Chicken 'N Biscuit Casserole
ingredients
- 1 cup chopped onions
- 1/2 cup (1 stick) margarine - divided
- 1/4 cup dry sherry or water
- 10 1/2 oz. can low sodium chicken broth
- 1 cup all purpose flour - divided
- 1 tsp. poultry seasoning
- 3/4 tsp. salt (optional)
- 2 1/2 cups chopped, cooked chicken breasts
- 10 1/2 oz. pkg. frozen peas and carrots, thawed
- 3/4 cups Quaker Oats (uncooked)
- 2 tsp. baking powder
- 1/2 cup milk
- 1 egg white
directions
Preheat oven to 425 degrees.
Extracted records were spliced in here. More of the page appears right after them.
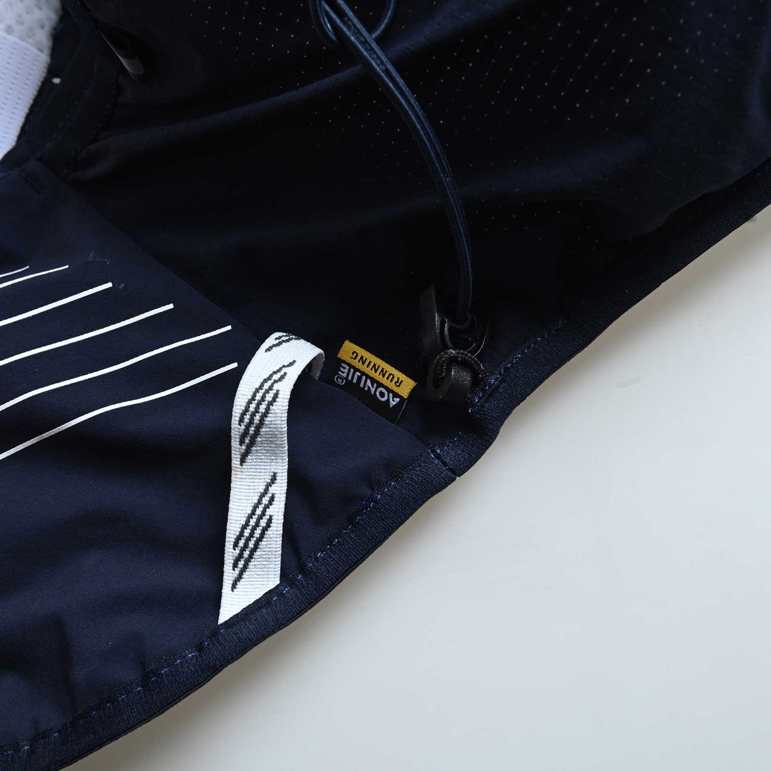 Dos bolsillos delanteros de malla expansible con capacidad para dos soft flask de 500ml, y goma elástica con tirador reflectante para sujetar el soft flask doblemente, cierre bolsillo elástico y goma elástica.
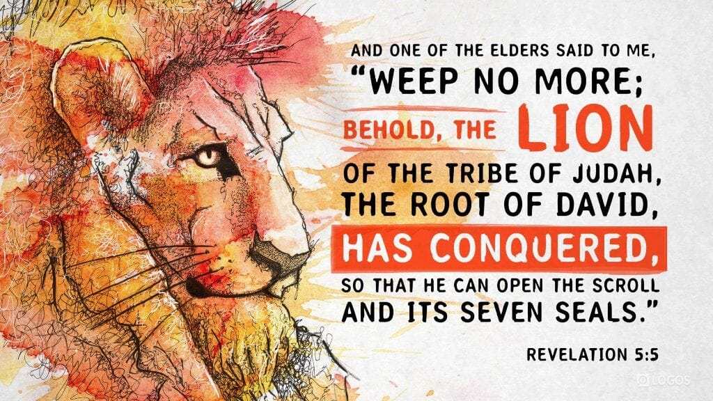 Revelation 5:5 [NKJV]: But one of the elders said to me, “Do not weep. Behold, the Lion of the tribe of Judah, the Root of David, has prevailed to open the scroll and to loose its seven seals.”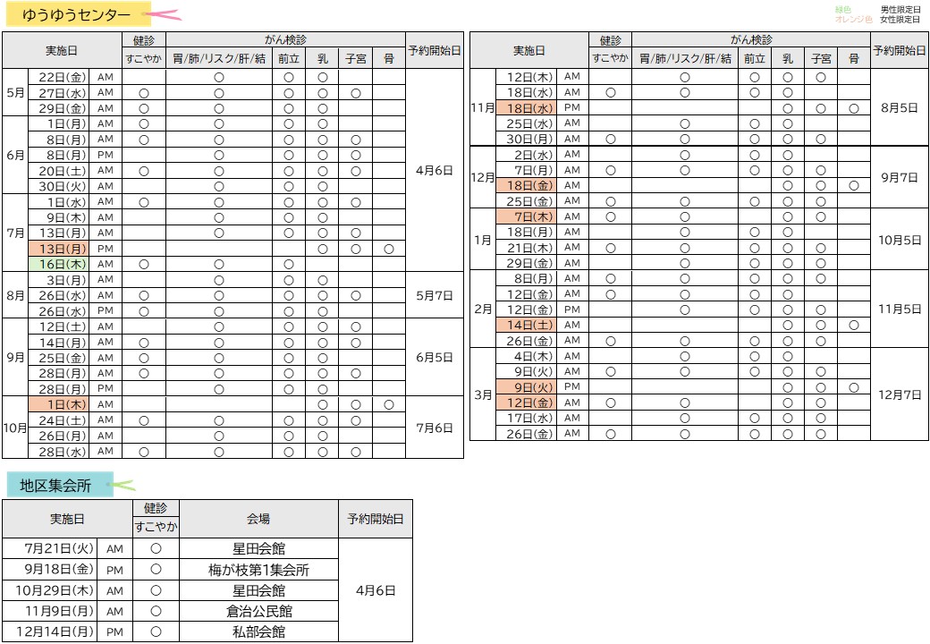 ゆうゆうセンター・地区集会所のけんしん日程・予約開始日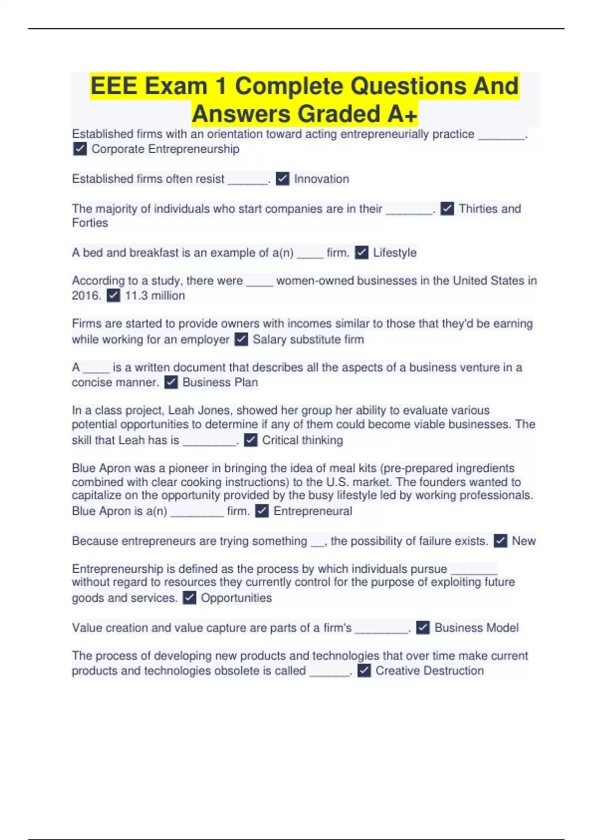 EEE Exam 1 Complete Questions And Answers Graded A+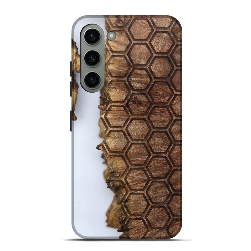Our Live Edge cases are made from an amazing combination of stabilized wood burl and colored resin. Our stabilization process hardens the wood to protect against cracks and breaks. We do every step of the process at our shop in Northern Indiana. Perfectly fits the Galaxy S23 Plus.
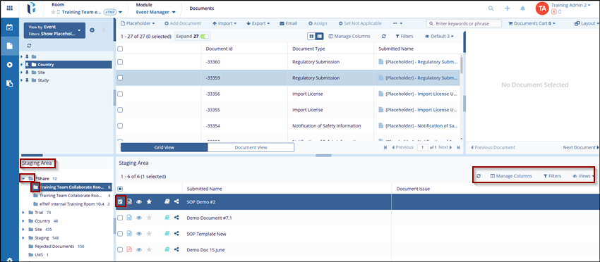 - Select the available documents views under folders: Share, Trial, Country, Site, etc.
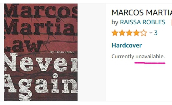 2016³â 1¿ù ÃâÆÇµÆ´ø ¡®¸¶¸£ÄÚ½º °è¾ö·É, ´Ù½Ã´Â ¾È µÅ(Marcos Martial Law: Never Again)¡¯ÀÇ ÀúÀÚ ¶óÀÌ»ç ·Îºí½º´Â ¸¶¸£ÄÚ½º 2¼¼°¡ ´ëÅë·É¿¡ ´ç¼±µÈ ÈÄ Àü ¼¼°è µ¶ÀڷκÎÅÍ ÀÌ Ã¥À» ÀçÃâÆÇ ÇØ´Þ¶ó´Â À̸ÞÀÏÀ» ¹Þ¾Ò´Ù°í CNN¿¡ ÀüÇß´Ù.

Cook onions in 2 Tbsp. margarine over medium heat for 3 minutes or until tender. Add combined water, broth, 1/4 cup flour, seasoning and salt. Cook 3 minutes or until thickened. Stir in cooked chicken and vegetables. Pour into 2 qt. casserole. In separate bowl, combine remaining 3/4 cups flour, oats and baking powder, and cut in remaining margarine until crumbly. Stir in milk and egg white until moistened. Drop large spoonfuls (about 1/4 cup) over chicken mixture. Bake 38 to 42 minutes or until golden.
notes
A small funnel is handy for separating egg whites from yolks. Open the egg over the funnel and the white will run through and the yolk will remain.